Walter Neves of the University of Sao Paulo is gathering evidence suggesting that early South Americans originated in Australia or South Asia and possibly crossed the Pacific.
Erika Hagelberg, a geneticist at the University of Oslo, says the study of DNA in the Pacific has not proven Heyerdahl's theories right or wrong. "There is definitely a genetic connection between Polynesians and Native Americans, but it probably traces back to a common origin in Asia," she said.
Hagelberg, who has received some Kon-Tiki Museum grant support, says there is no genetic data that indicates a strong South America influence in Polynesia, but "that does not rule out a connection, as there are many reasons why South American genes might not be detected in Polynesia today".
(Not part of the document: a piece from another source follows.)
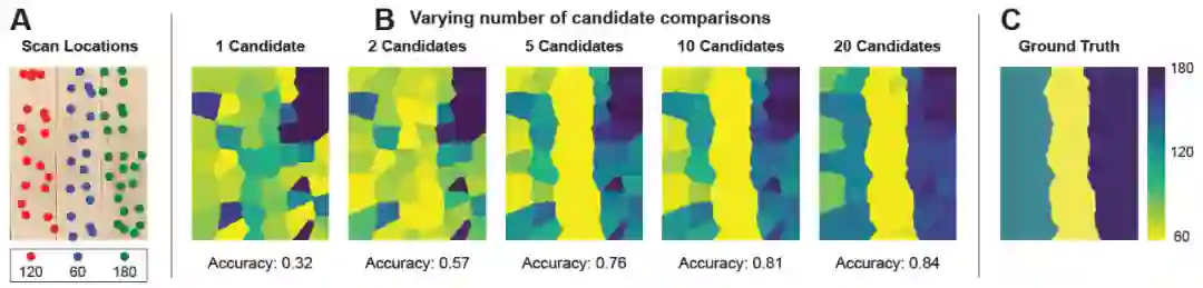 图 5A 显示了使用本文系统的 Gelsight 扫描的测试板和空间位置。每个点的颜色代表扫描位置的地面真实砂砾。使用具有不确定性感知权重的绝对分类器可以达到 85.3% 的纹理分类准确率。对于相对纹理分类,在每个扫描位置输入该位置的当前扫描以及已知砂砾的 “候选” 基线子块。这个候选子块可以直接从训练库中获取,也可以从一个单独的带标注的候选数据库中获取。模型能够预测当前扫描(未知砂砾)和另一个已知砂砾候选扫描之间的砂砾度。对比不同砂砾级别的几个候选数据,可以预测当前扫描的砂砾。图 5B 给出了添加更多候选样本的可视化效果,同时继续利用不确定性加权算法过滤出扫描的高不确定性区域。基于空间距离最近的扫描预测,通过对区域进行空间着色来生成可视化热图。预测的准确度是根据真实砂砾分类计算得到的(图 5C)。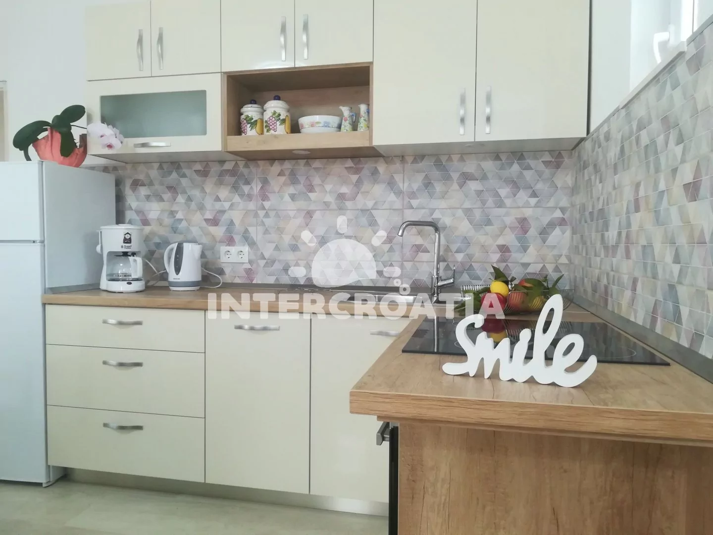 Apartmán (110 m2) se třemi ložnicemi, velkou terasou (50 m2) a venkovním posezením se nachází v přízemí domu. Apartmán je vhodný pro 6 osob. Obývací pokoj je spojený s kuchyní. Kuchyňská linka je…

She noted that it will probably take scholars from various sciences to thoroughly examine Heyerdahl's work and lauded him for the way he crossed the boundaries between scientific disciplines.
Further praise for Heyerdahl is evinced by the 11 honorary doctorates he has received from universities in the Americas and Europe.
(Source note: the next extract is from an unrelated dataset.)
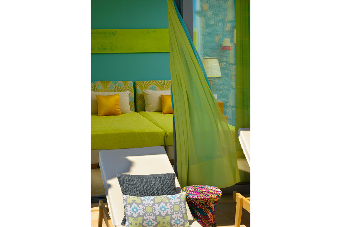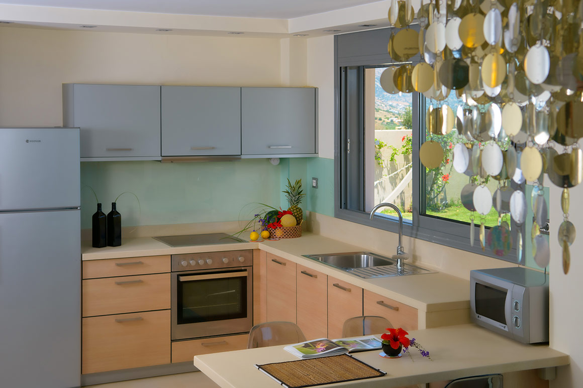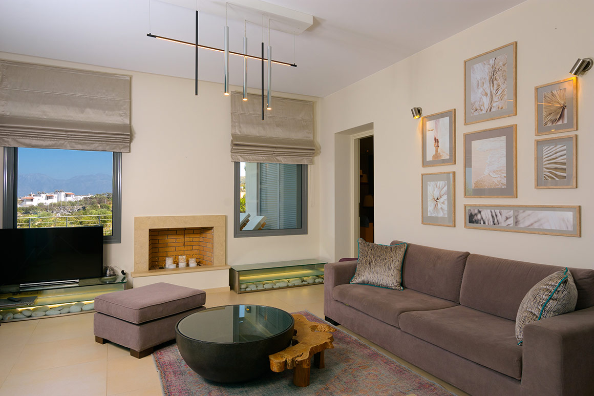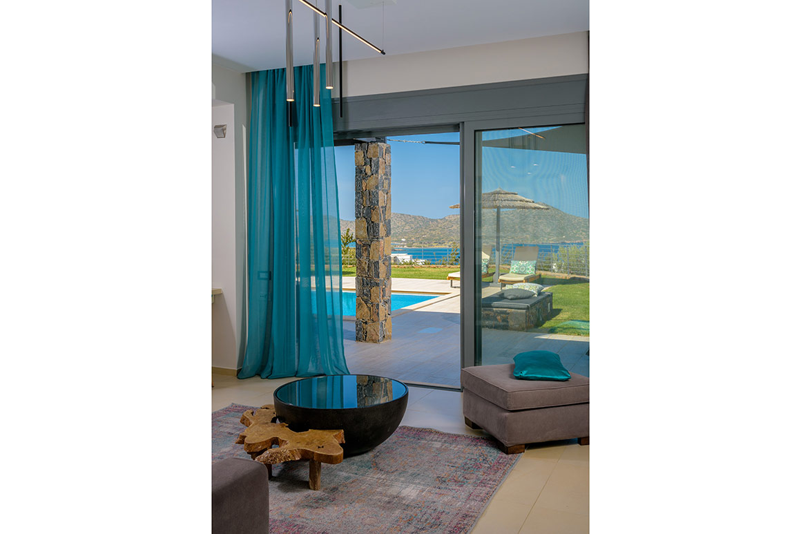 The interior décor of the Notos Villa Elounda Crete is very sophisticated and the walls are painted in soothing colors harmoniously blending with the relaxing environment.

In his 1997 memoir, "In the Footsteps of Adam", he frequently makes the point that academic specialists often fail to see the wood for the trees.
"The more I do and the more I see, the more I realise the shocking extent of ignorance that exists among the scholarly circles that call themselves authorities and pretend to have a monopoly of all knowledge," he wrote. - Sapa-AP
I was enchanted with the book and how fascinating the concept of crossing the ocean on a fancy raft was. Esp. without any fancy tools or equipment, just knowledge of the waves and stars. I still don't understand how it can be done.
A valid indictment of our educational system.
Worth a repeat.
Man, can I relate to that.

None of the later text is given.